Task prompt ::
Look below for the line holding "B Bend forward" and the line holding "1円 輪島塗 ビンテージ". Repeat those two and everything between, exactly.

Material supplied ::
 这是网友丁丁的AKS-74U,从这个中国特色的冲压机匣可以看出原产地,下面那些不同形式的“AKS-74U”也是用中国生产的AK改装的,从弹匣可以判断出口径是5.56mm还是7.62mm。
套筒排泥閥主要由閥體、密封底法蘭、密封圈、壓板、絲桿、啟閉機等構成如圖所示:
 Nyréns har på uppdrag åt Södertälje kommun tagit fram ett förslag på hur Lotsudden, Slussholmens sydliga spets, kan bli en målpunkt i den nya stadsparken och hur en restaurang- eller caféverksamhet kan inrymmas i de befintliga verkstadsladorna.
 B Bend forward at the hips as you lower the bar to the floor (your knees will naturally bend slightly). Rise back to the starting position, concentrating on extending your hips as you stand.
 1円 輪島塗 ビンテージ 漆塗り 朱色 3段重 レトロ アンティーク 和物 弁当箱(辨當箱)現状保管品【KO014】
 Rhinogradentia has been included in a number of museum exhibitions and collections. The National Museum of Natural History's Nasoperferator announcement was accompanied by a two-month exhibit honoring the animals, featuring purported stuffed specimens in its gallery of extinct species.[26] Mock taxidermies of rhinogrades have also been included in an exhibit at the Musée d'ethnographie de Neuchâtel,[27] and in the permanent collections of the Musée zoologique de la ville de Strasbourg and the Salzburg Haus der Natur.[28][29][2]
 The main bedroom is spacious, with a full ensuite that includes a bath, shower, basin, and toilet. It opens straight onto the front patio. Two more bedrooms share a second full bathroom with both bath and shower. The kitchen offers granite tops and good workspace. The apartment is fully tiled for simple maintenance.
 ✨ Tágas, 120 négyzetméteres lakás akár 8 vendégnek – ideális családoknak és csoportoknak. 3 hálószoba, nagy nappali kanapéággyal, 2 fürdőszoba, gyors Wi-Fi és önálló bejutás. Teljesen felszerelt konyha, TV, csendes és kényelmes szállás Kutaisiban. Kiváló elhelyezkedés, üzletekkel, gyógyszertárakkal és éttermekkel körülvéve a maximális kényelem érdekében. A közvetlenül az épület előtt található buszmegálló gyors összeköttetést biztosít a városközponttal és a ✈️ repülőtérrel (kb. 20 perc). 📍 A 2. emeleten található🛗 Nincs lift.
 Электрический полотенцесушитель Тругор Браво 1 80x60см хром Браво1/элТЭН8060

Expected answer ::
 B Bend forward at the hips as you lower the bar to the floor (your knees will naturally bend slightly). Rise back to the starting position, concentrating on extending your hips as you stand.
 1円 輪島塗 ビンテージ 漆塗り 朱色 3段重 レトロ アンティーク 和物 弁当箱(辨當箱)現状保管品【KO014】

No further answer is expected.